● **Exercise directions**:
From the data that follows, set down exactly the lines from the one with "Pyrus calleryana 'Chanticleer'" through the one with "ChatPD: An LLM-driven", counting both. Pictures stay out.

Dataset excerpts:
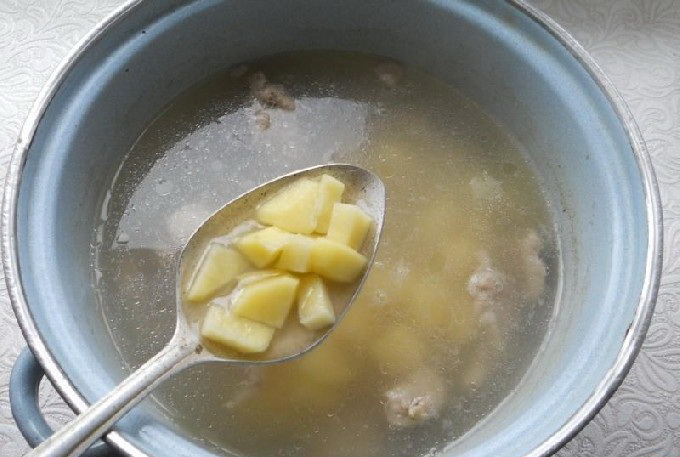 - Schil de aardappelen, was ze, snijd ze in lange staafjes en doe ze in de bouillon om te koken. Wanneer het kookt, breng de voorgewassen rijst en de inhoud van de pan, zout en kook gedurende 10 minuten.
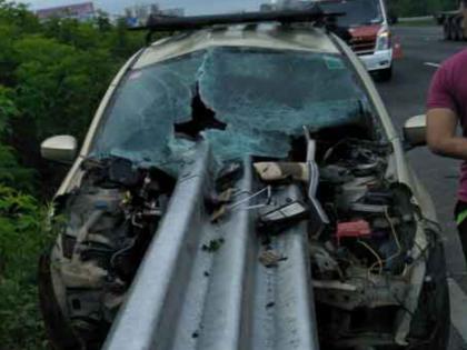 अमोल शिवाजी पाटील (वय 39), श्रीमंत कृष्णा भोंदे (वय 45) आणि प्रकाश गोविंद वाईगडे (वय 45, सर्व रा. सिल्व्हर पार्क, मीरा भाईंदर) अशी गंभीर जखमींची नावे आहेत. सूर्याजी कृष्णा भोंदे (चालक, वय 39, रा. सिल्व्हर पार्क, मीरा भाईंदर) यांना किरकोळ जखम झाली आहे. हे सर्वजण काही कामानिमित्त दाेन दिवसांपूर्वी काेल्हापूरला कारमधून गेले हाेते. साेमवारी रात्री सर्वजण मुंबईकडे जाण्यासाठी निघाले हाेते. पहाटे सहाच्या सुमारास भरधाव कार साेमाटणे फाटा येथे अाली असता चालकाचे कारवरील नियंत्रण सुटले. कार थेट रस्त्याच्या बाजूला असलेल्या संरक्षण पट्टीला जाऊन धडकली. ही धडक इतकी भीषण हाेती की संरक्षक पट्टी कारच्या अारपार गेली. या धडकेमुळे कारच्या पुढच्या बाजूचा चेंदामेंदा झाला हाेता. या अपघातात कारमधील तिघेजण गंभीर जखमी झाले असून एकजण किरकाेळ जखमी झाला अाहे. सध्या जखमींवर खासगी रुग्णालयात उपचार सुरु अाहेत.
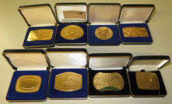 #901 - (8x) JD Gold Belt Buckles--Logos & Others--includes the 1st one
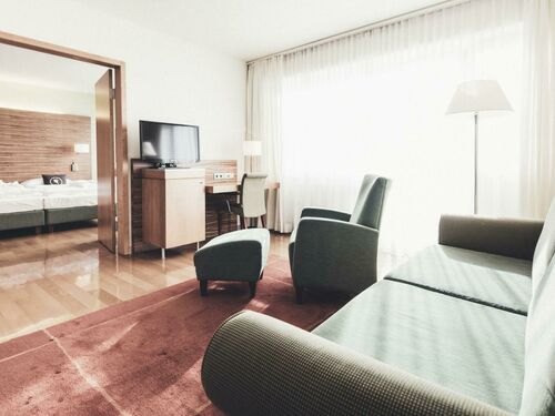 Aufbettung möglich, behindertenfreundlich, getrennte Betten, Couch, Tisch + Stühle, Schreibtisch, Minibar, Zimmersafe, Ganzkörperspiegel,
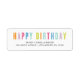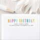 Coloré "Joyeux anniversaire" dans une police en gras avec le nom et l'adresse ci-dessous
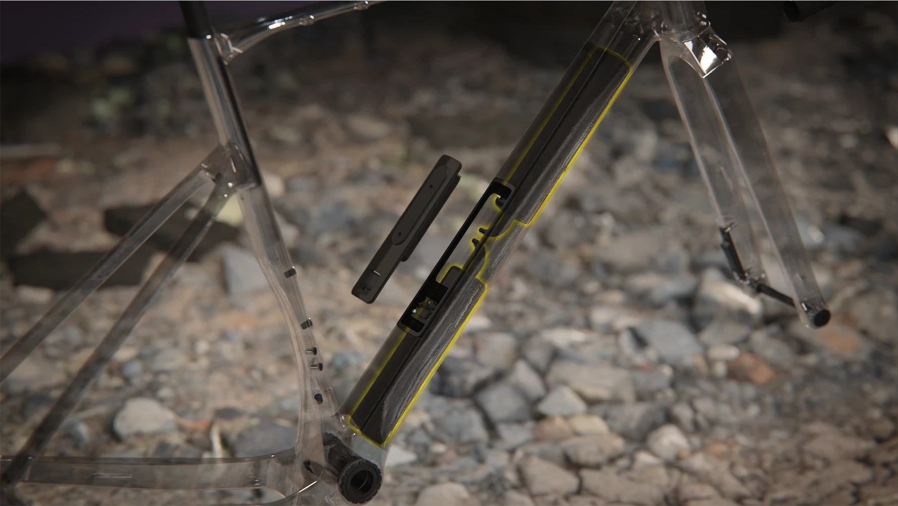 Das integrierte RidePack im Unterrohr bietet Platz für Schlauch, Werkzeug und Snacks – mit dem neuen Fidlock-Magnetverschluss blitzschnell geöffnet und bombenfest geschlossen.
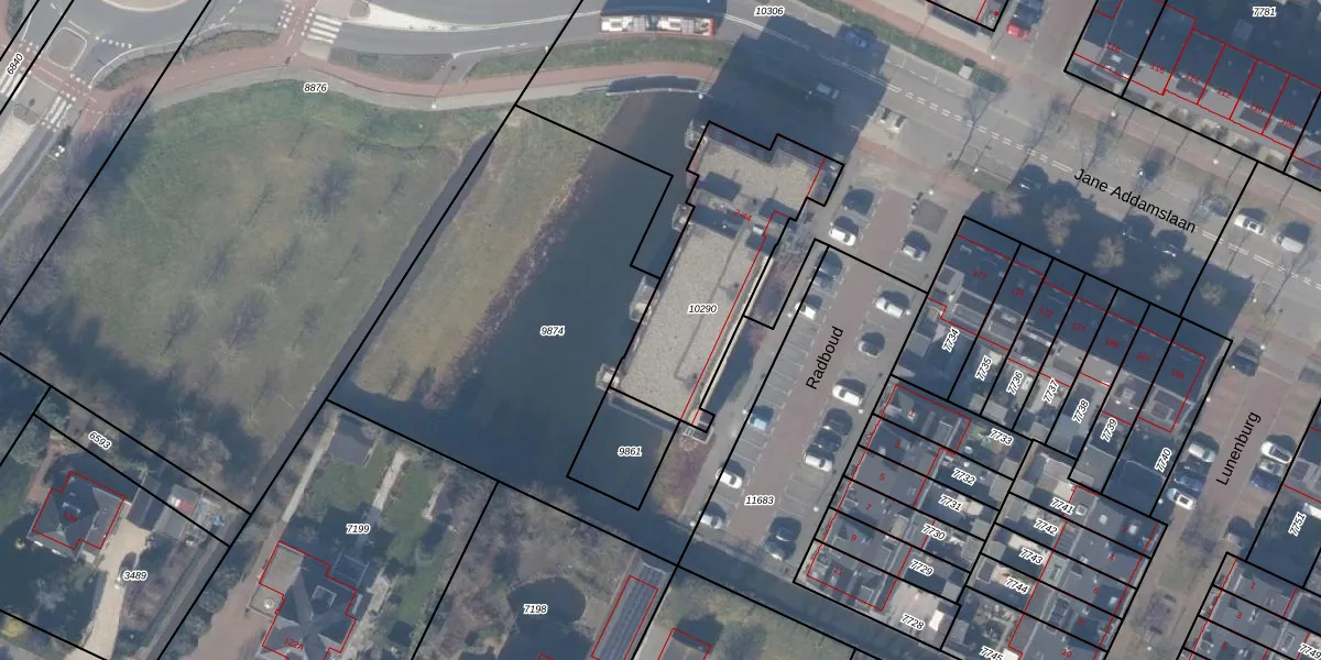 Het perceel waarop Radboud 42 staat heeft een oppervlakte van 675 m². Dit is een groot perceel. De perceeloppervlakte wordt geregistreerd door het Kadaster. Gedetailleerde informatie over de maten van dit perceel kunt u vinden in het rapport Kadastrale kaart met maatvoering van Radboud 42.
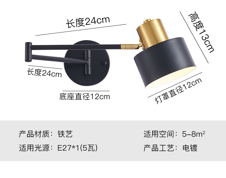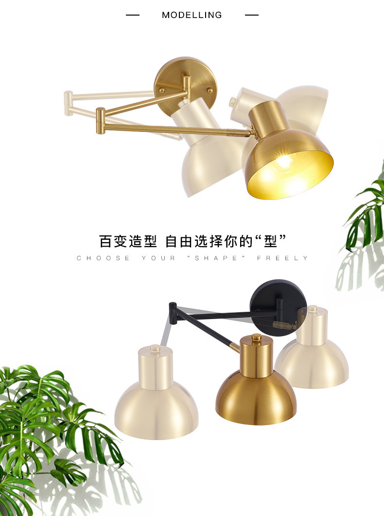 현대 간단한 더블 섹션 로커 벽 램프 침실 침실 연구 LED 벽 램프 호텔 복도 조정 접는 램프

...

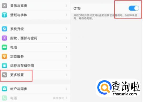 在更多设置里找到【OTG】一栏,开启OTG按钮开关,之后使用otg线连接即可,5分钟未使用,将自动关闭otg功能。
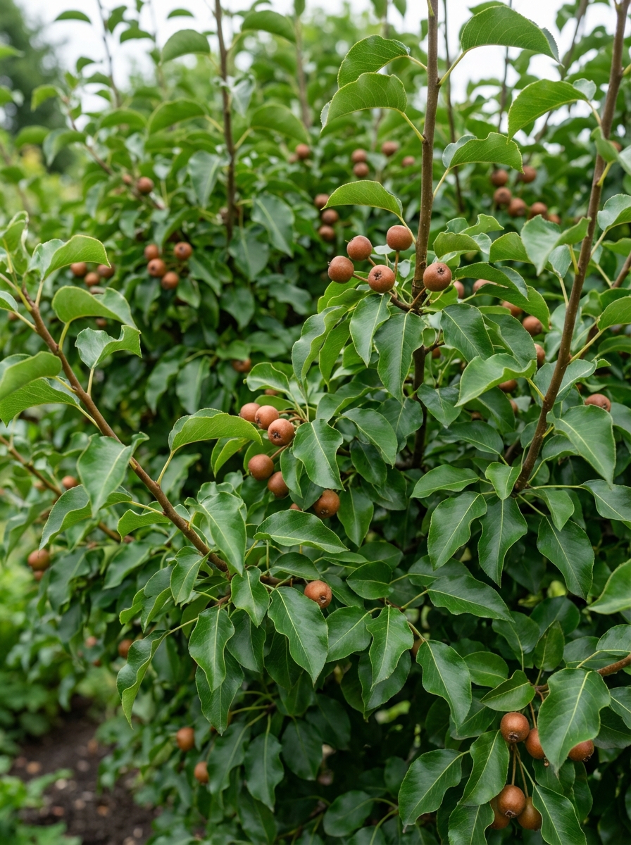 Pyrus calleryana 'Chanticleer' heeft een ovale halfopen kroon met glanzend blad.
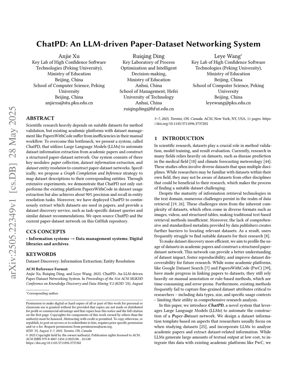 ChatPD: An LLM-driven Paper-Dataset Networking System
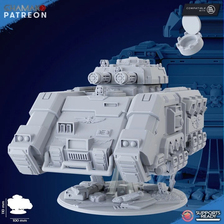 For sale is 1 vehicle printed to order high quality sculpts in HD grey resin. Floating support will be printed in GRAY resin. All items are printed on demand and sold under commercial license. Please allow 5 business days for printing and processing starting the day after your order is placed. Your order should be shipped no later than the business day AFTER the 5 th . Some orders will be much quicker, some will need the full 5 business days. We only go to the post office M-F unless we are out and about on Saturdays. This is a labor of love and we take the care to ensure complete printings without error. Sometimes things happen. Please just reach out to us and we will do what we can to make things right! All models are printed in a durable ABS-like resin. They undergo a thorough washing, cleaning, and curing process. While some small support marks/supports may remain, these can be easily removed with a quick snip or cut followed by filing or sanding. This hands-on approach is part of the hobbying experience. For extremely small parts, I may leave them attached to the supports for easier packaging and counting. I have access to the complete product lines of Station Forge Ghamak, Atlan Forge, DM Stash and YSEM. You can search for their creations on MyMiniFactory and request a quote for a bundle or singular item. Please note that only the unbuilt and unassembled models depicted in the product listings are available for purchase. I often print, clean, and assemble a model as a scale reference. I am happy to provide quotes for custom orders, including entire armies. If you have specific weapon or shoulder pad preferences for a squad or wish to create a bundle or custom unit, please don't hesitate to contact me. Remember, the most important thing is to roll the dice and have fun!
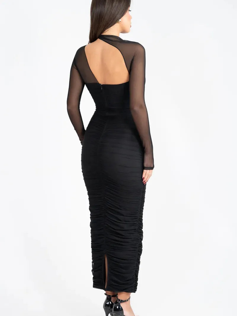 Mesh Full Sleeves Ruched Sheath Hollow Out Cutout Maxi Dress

● **Finished exercise**:
 Pyrus calleryana 'Chanticleer' heeft een ovale halfopen kroon met glanzend blad.
 ChatPD: An LLM-driven Paper-Dataset Networking System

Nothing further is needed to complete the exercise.